All actor parameter classes inherit from BaseParams, which provides common functionality.

Parameter	Default	Type	Description
`verbose`	`True`	`bool`	Enable verbose logging output

Pipeline Configuration

The ForgeParams class configures the overall pipeline behavior and individual actor parameters.

Pipeline Parameters

Parameter	Default	Type	Description
`steps`	`['source', 'chembl', 'curate', 'tokens', 'distributions']`	`List[str]`	List of actor steps to execute in order
`return_none_on_fail`	`False`	`bool`	Return None instead of raising exception on failure
`output_root`	`"MOLFORGE_OUT"`	`str`	Root directory for output files
`write_output`	`True`	`bool`	Write pipeline output to disk
`write_checkpoints`	`False`	`bool`	Save intermediate results at each step
`console_log_level`	`'INFO'`	`str`	Console logging level ('DEBUG', 'INFO', 'WARNING', 'ERROR')
`file_log_level`	`'DEBUG'`	`str`	File logging level
`override_actor_params`	`True`	`bool`	Use pipeline-level params to override actor params

Actor Parameters

Each actor has a corresponding parameter class. Specify actor parameters using the {actor}_params attribute:

ForgeParams(
    steps=['source', 'chembl'],
    source_params=ChEMBLSourceParams(backend='sql'),
    chembl_params={'standard_type': 'IC50'}  # Can also use dict
)

Actor Reference

1. ChEMBLSource (`source`)

Retrieves bioactivity data from ChEMBL database. Supports SQL (local database) and API (web service) backends. SQL backend is significantly faster than API once downloaded (<1s vs. >30s per protein, depending on the target).

Shared Parameters

Parameter	Default	Type	Description
`backend`	`'sql'`	`'sql'` \| `'api'`	Data source backend
`n`	`1000`	`int`	Number of activity entries to retrieve per query (> 0)
`search_all`	`True`	`bool`	Fetch all entries instead of limiting to n

SQL Backend Parameters

Parameter	Default	Type	Description
`db_path`	`None`	`str` \| `None`	Path to local ChEMBL SQLite database
`version`	`'latest'`	`str` \| `int`	ChEMBL version (e.g., 36) or 'latest'
`auto_download`	`True`	`bool`	Automatically download database if not found
`download_dir`	`"./data/chembl"`	`str`	Directory to store downloaded database

API Backend Parameters

API backend currently uses only shared parameters.

Example

# SQL backend
source_params = ChEMBLSourceParams(
    backend='sql',
    version=36,
    auto_download=True
)

# API backend
source_params = ChEMBLSourceParams(
    backend='api',
    n=5000,
    search_all=False
)

2. ChEMBLCurator (`chembl`)

Curates ChEMBL bioactivity data with automatic type-driven behavior.
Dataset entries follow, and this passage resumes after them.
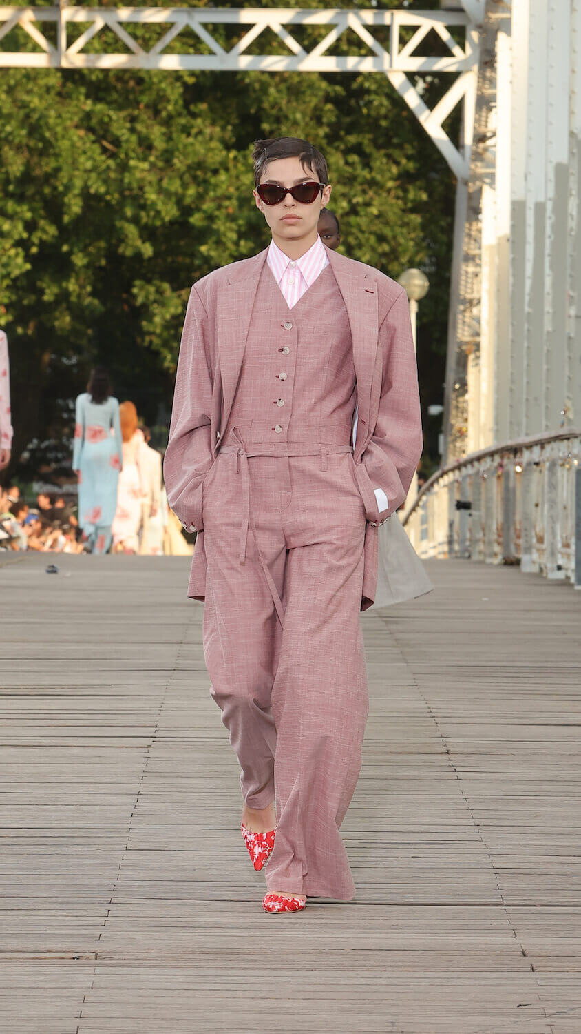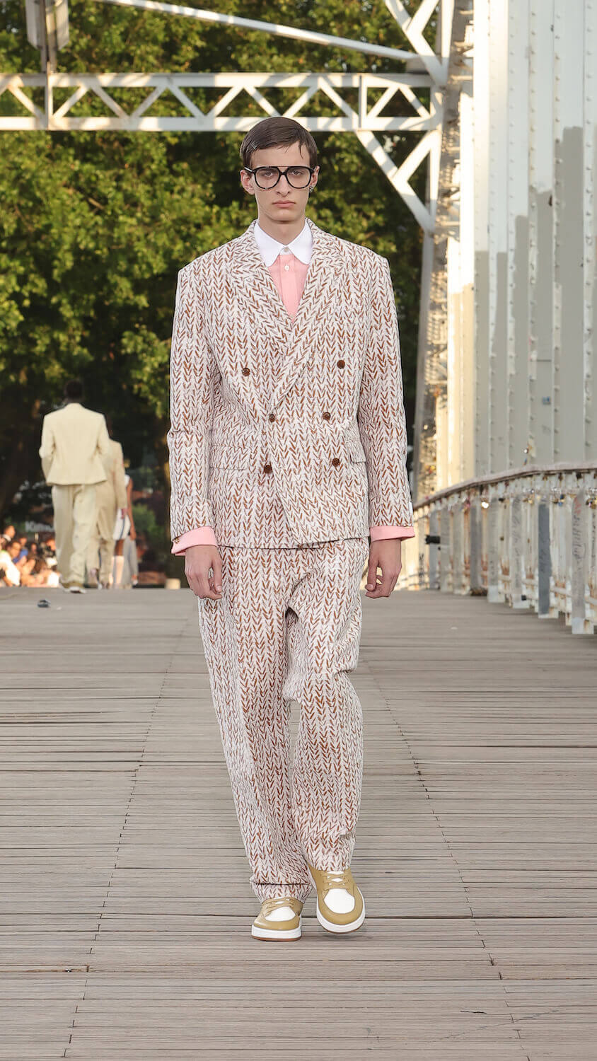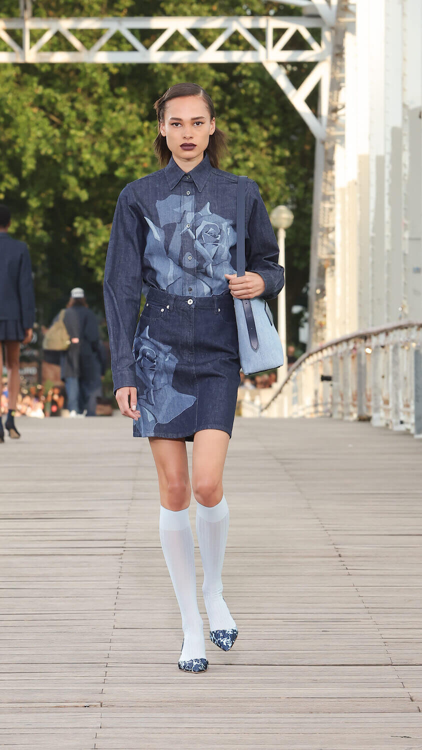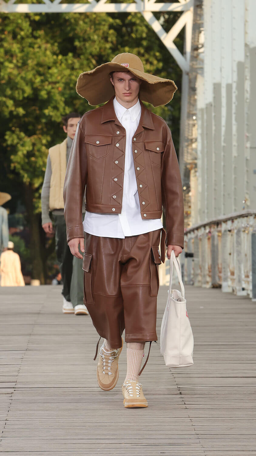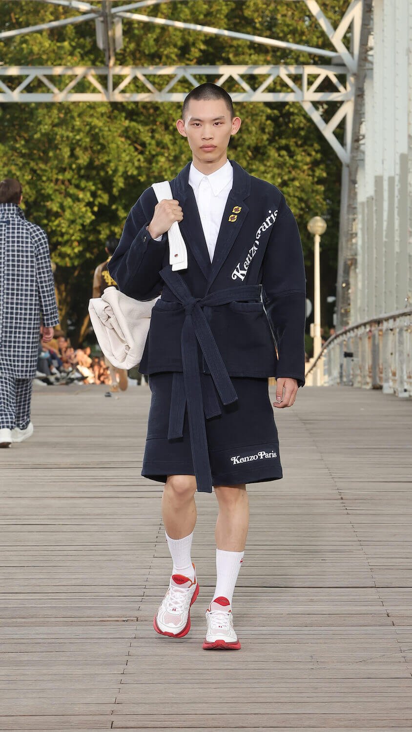 Suspended between opposing sides of a city, strung over the River Seine on the Passerelle Debilly footbridge that links the Palais de Tokyo with the Eiffel Tower, Kenzo’s SS24 collection kicked off; casual, colourful and considered. Entitled City Pop Paris, it was a line up envisioned in the memory of an elusive musical genre born in the same nation as the brand; Japan.
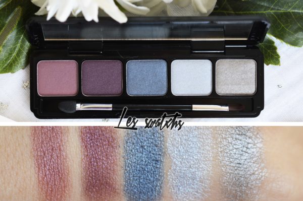 La pièce maitresse du kit, c’est bien entendu la Palette Double Expression, qui va nous permettre de composer nos petits looks au fil du temps. Il s’agit de la version n°2 nommée Profondeurs. Elle contient 5 fards dans les tons prunes, bleus et gris. Pas de fini mat au programme, tous les fards sont légèrement irisés.
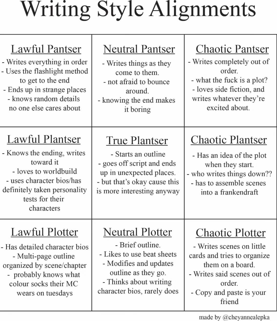 I won't go into details here. In any case, most people know what these mean. Either someone who plans and outlines everything, or someone who kind of lets writing lead them to the end.
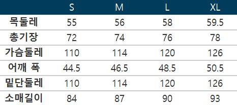 사이즈는 측정 방법에 따라 기재된 치수와 약간의 차이가 있을 수 있습니다.
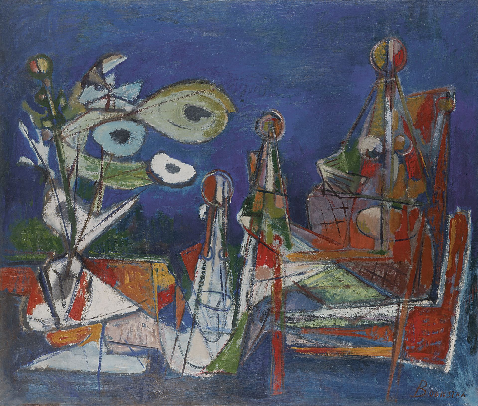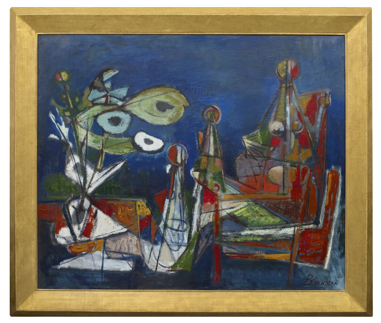 Klaas Boonstra, im Jahre 1905 in Krommenie geboren, entwickelte sich im Anfang völlig selbständig zu einem experimental abstrakten Maler. 1940 liess er sich in Amsterdam nieder, wo er in die stürmische Künstlerszene der Nachkriegszeit aufgenommen wurde. Er malte abstrakte Kompositionen, die aus einem dynamischen Zusammenspiel von farbigen Phantasieformen bestanden, die intuitiv, während der Arbeit unter seinen Händen entstanden. In seinen Werken aus den vierzigen Jahren sieht man vor allen Dingen der Einfluss von Picasso und Matisse. Ab 1951 gehörte Boonstra zusammen mit u.a. Willy Boers, Brands und Rooskens zu der Gruppe Creatie. Dann folgte das Hinüberwechseln in die Groep 54 und die Liga Nieuwe Beelden.
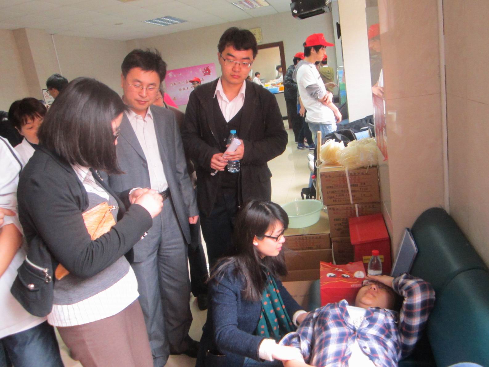 同学们纷纷挽起袖子,自告奋勇地为红十字血液中心献上鲜血,奉献出自己的一片爱心,他们中间既有年轻力壮的男生们,也有平时看见血都害怕的女生们,更有多次参加过献血活动的学姐学长们。在志愿者同学的精心指导和服务下,同学们有序排队进行献血,伸出自己的手臂,用他们的爱心无微不至地呵护着献血的同学们。

Curation logic adapts based on standard_type category (potency, kinetic, ADMET, activity).

Core Parameters

Parameter	Default	Type	Description
`standard_type`	`'IC50'`	`str`	Measurement type (see supported types below)
`standard_units`	`None`	`str` \| `None`	Measurement units (auto-set from type if None)
`standard_relation`	`'='`	`'='` \| `'>'` \| `'<'` \| `'>='` \| `'<='` \| `'~'` \| `None`	Relation operator for measurements
`assay_type`	`'B'`	`'B'` \| `'F'` \| `'A'` \| `'T'`	Assay type (Binding, Functional, ADMET, Toxicity)
`target_organism`	`'Homo sapiens'`	`str`	Target organism for filtering
`assay_format`	`'protein'`	`str`	Assay system format (see options below), maps to BAO format and is mostly for readability

Quality Control Parameters

Parameter	Default	Type	Description
`top_n`	`5`	`int`	Number of top-ranked assays to consider per target
`mistakes_only`	`True`	`bool`	Only flag suspicious unit conversion errors
`error_margin`	`0.0001`	`float`	Tolerance for suspicious pair detection
`std_threshold`	`0.5`	`float`	Standard deviation threshold for filtering
`range_threshold`	`0.5`	`float`	Range threshold for filtering

Advanced Parameters

Parameter	Default	Type	Description
`mutant_regex`	`'mutant\|mutation\|variant'`	`str`	Regex pattern to identify mutant assays
`allosteric_regex`	`'allosteric'`	`str`	Regex pattern to identify allosteric assays
`C`	`1e9`	`float`	Conversion constant for molarity (auto-set from units). Only change if you desire non-standard unit conversion
`SMILES_column`	`'canonical_smiles'`	`str`	Column name for SMILES strings
`bao_format`	Auto-set	`str`	BioAssay Ontology format code (derived from assay_format)

Supported Standard Types

Potency (IC50, EC50, AC50, Ki, Kd, XC50) Kinetic (kon, k_off, koff, Kon, Koff) ADMET (Log BB, Log D, Log P, Clearance, T1/2, Solubility, Permeability, Caco-2, MDCK) Activity (Inhibition, Percent Effect, Activity, Potency)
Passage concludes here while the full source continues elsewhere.